NCT number NCT00495768
Other study ID # 034-0013-391
Secondary ID
Status Active, not recruiting
Phase N/A
First received July 2, 2007
Last updated December 13, 2007
Start date July 2004
Est. completion date December 2007

Study information

Verified date December 2007
Source South Texas Veterans Health Care System
Contact n/a
Is FDA regulated No
Health authority United States: Federal Government
Study type Interventional

Clinical Trial Summary

The purpose of this study is to conduct a randomized controlled trial of an 8-visit non-pharmacologic group intervention in reducing the severity of depressive symptoms in veterans who receive IFN and ribavirin for the treatment of Hepatitis C. We hypothesize that over the first 6 months of treatment with IFN and ribavirin for the 45 patients who receive the 8-visit intervention early in the course of treatment in addition to usual care (experimental group) will have lower scores on the CES-D, a standard depression rating scale, than the 45 patients who receive only usual care (control group).


Description:

In this study, subjects will be randomly assigned (by chance, like the flipping of a coin) to one of two study groups. Half the subjects will be assigned to a training program, which will consist of 8 sessions over a period of 8 weeks in which they will be instructed in cognitive therapy ( a method of identifying and "talk back" to one's negative thoughts) and a variety of other stress-reducing techniques. The other half will be assigned to a control groups, which will no receive instruction in cognitive therapy or the other stress-reducing techniques. All subjects, both those in the training program and in the control group, will receive the usual care for hepatitis C that all patients in the Hepatology Clinic receive. All subjects will also be asked to participate in 6 testing visits over the course of the study. The first testing visit will last about 3 hours, which the others will last between 1 1/2 and 2 hours. Subjects will alo be interviewed by telephone about their personal and family medical and psychiatric history. This will take about an hour.

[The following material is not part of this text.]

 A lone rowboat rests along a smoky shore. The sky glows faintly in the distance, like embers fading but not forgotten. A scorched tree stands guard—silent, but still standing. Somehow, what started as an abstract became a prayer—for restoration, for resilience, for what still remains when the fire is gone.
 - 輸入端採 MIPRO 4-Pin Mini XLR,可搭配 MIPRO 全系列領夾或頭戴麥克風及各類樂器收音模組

Recruitment information / eligibility

Status Active, not recruiting
Enrollment 90
Est. completion date December 2007
Est. primary completion date
Accepts healthy volunteers Accepts Healthy Volunteers
Gender Both
Age group 25 Years to 68 Years
Eligibility Inclusion Criteria:

- Eligibility and interest in treatment for chronic HCV (Hepatitis C).

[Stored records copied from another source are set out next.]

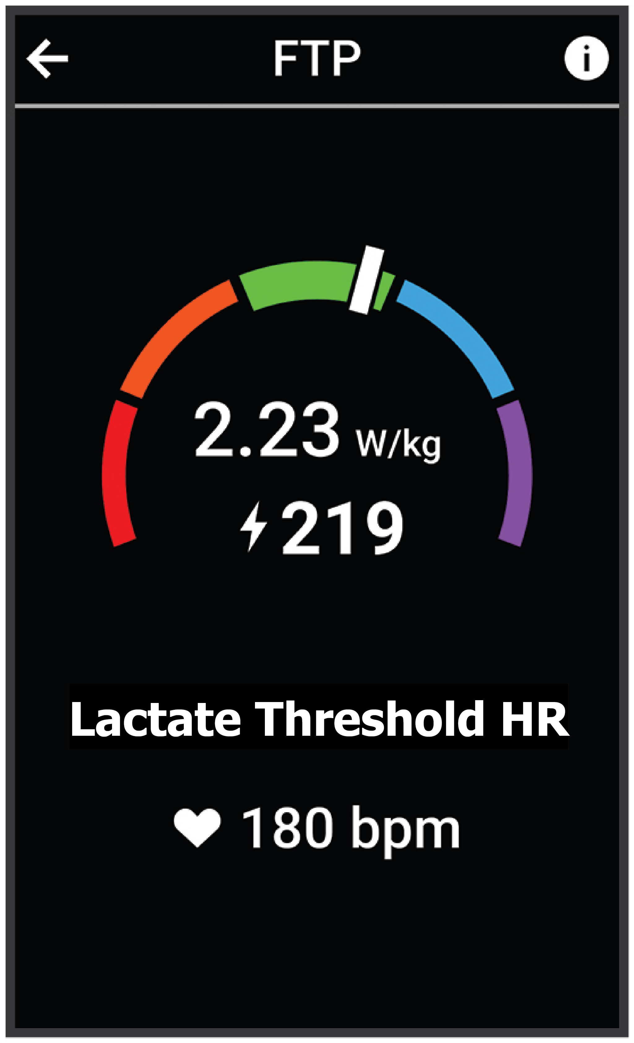 ค่า FTP ของคุณปรากฏเป็นค่าที่ถูกวัดเป็นวัตต์ต่อกิโลกรัม กำลังเอาต์พุตของคุณเป็นวัตต์ และตำแหน่งบนมาตรวัดสี
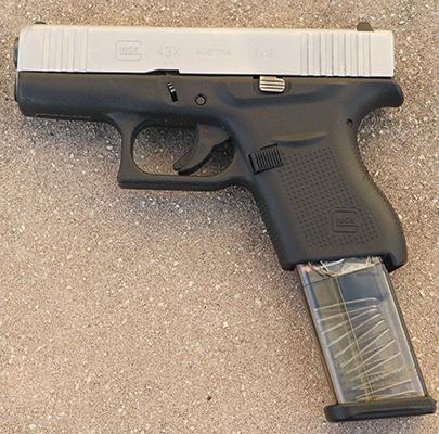 This is a loaded Glock 43X semiautomatic 9mm pistol with an extended ammunition magazine that Elmhurst police found in the vehicle transporting Etonia Henderson and Marquis Henderson following their alleged theft at a store located on the 300 block of S. IL Rte. 83.
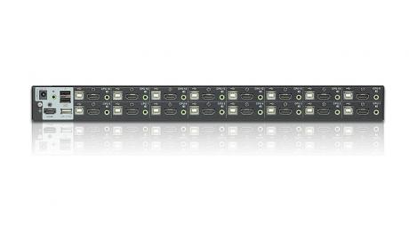 The Aten CS17916 16-port USB HDMI KVM Switch is a multi-purpose appliance that consolidates access and control of up to 16 HDMI computers from a single USB keyboard, USB mouse, and monitor console.
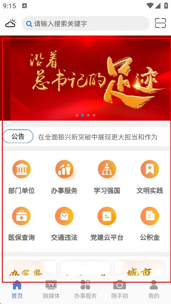 4、登錄成功后,自動跳轉(zhuǎn)至澄城通軟件首頁,即可查看首頁展示的沿著總書記的足跡主題內(nèi)容、公告以及部門單位、辦事服務(wù)等各類功能選項。
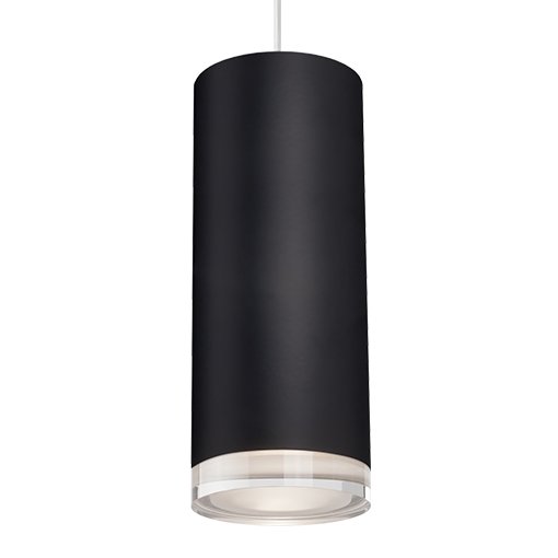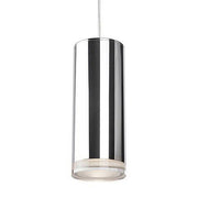 Single LED cylinder shaped pendant with clear crystal disc.

- Absence of co-infection of HIV or Hepatitis B.

- Age 25-68 years old.

- No treatment with IFN (interferon-alpha) in the past 6 months.

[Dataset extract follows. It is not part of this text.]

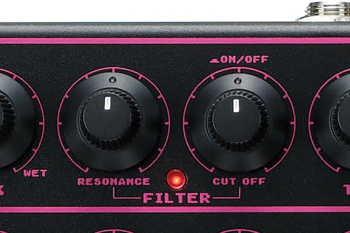 Filter: este efecto emula el clásico filtro de escalera paso bajo, sello distintivo de los sintetizadores Moog. La alta Resosnancia con frecuencia de corte ajustable proporciona el carácter distintivo y dinámico del filtro de escalera Moog. La Resonancia cero proporciona una respuesta de filtro paso bajo más estándar.
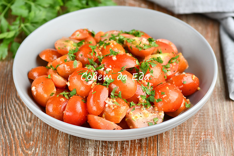 Для начала нужно взять небольшую банку и поместить туда пропущенный через пресс чеснок, соль, сахар (при желании можно использовать мёд) и зернистую горчицу. Если горчица обычная, можно добавить одну чайную ложку.Затем следует влить лимонный сок и растительное масло (подойдёт подсолнечное рафинированное). Добавьте сушёный базилик, который можно заменить любыми предпочтительными травами.Закройте банку крышкой и хорошенько встряхните до полного растворения соли и сахара. Результатом станет густая, ароматная заправка, которую можно использовать не только для помидоров, но и для различных овощных салатов.Помидоры разрезаются пополам (если это маленькие плоды); если крупные – нарезаются дольками. Заправку добавляют к подготовленным овощам.После того как все ингредиенты хорошенько перемешаны, закусочные помидоры будут готовы к подаче. Они не только популярны, но и могут храниться в холодильнике до трёх дней. Вкус при этом лишь становится насыщеннее.Кулинарный креатив и разнообразие вкусов – вот, что обязательно сделает ваши будни и праздники ярче. Насыщенные томаты с кислой заправкой, чесноком и базиликом приятно порадуют как вас, так и ваших близких!

- Residence within a 3-hour drive of the clinic.

Exclusion Criteria:

- Patients must be willing to undergo treatment with PEG-interferon and ribavirin. They must be aware of the side effects of treatment and be motivated to self-administer the medications and come to regularly scheduled appointments.

- Patients with diabetes mellitus must have good glycemic control. Their Hgb A1 c must be <8.0%.

- Patients must not have an active malignancy.

- If patients have a history of severe psychiatric illness or are found to have one by screening with the CES-D, a psychiatrist must approve treatment. If the psychiatric problem is minor, it can be managed by the primary care physician or hepatitis C provider.

- Autoimmune disease, such as autoimmune hepatitis, systemic lupus erythematosis, or sarcoidosis, is a contraindication to treatment.

- Active alcohol or intravenous drug use is a contraindication to treatment.

- Patients with a seizure disorder muct be seizure-free for 6 months prior to treatment.

- Patients with a known history of coronary heart disease are excluded.

- Patients with complications of cirrhosis may not be treatment candidates. Those who have a platelet count of <50,000, large esophageal varices (grade 3-4), uncontrolled ascites, or uncontrolled encephalopathy are excluded.

- Patients with severe mental retardation or dementia are excluded because of difficulty in self-administration of medication and in tolerating the side effects.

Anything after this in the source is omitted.